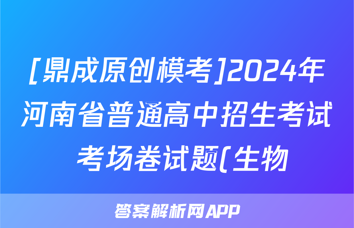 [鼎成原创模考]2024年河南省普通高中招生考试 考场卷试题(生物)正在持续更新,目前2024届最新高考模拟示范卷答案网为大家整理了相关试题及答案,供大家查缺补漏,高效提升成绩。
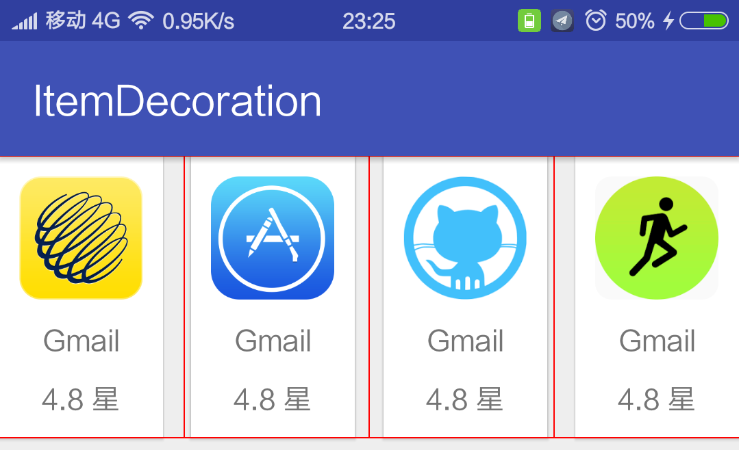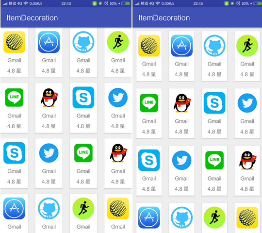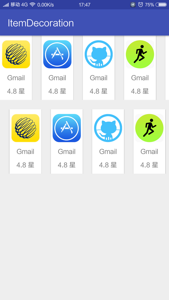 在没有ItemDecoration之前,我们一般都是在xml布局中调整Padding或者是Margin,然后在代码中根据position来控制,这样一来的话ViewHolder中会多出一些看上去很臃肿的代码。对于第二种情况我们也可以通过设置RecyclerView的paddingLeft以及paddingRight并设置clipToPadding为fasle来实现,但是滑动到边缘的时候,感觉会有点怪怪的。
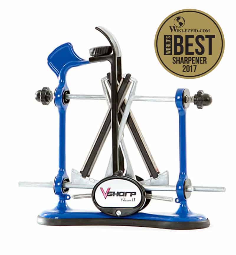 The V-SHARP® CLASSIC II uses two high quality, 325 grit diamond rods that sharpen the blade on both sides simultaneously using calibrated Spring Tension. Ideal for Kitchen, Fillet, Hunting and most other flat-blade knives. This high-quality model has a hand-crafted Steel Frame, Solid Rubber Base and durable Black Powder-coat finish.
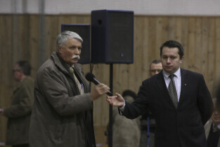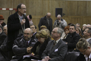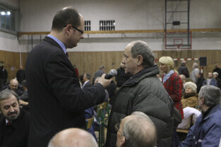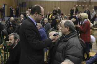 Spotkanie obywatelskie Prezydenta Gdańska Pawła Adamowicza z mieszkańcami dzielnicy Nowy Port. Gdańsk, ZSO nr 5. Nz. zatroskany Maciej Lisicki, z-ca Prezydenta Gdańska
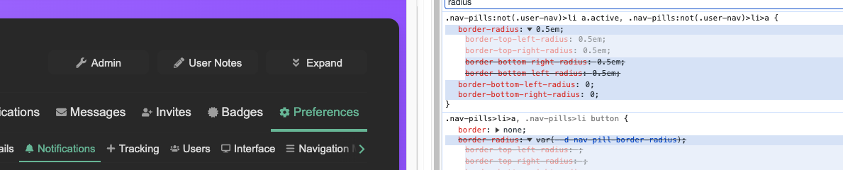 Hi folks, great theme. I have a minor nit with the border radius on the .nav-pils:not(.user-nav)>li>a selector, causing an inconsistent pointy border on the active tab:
● ● ● ●
## Instructions for the task:
This task calls for the records to be copied exactly, without pictures.

## Expected answer:
 [鼎成原创模考]2024年河南省普通高中招生考试 考场卷试题(生物)正在持续更新,目前2024届最新高考模拟示范卷答案网为大家整理了相关试题及答案,供大家查缺补漏,高效提升成绩。
 在没有ItemDecoration之前,我们一般都是在xml布局中调整Padding或者是Margin,然后在代码中根据position来控制,这样一来的话ViewHolder中会多出一些看上去很臃肿的代码。对于第二种情况我们也可以通过设置RecyclerView的paddingLeft以及paddingRight并设置clipToPadding为fasle来实现,但是滑动到边缘的时候,感觉会有点怪怪的。
 The V-SHARP® CLASSIC II uses two high quality, 325 grit diamond rods that sharpen the blade on both sides simultaneously using calibrated Spring Tension. Ideal for Kitchen, Fillet, Hunting and most other flat-blade knives. This high-quality model has a hand-crafted Steel Frame, Solid Rubber Base and durable Black Powder-coat finish.
 Spotkanie obywatelskie Prezydenta Gdańska Pawła Adamowicza z mieszkańcami dzielnicy Nowy Port. Gdańsk, ZSO nr 5. Nz. zatroskany Maciej Lisicki, z-ca Prezydenta Gdańska
 Hi folks, great theme. I have a minor nit with the border radius on the .nav-pils:not(.user-nav)>li>a selector, causing an inconsistent pointy border on the active tab:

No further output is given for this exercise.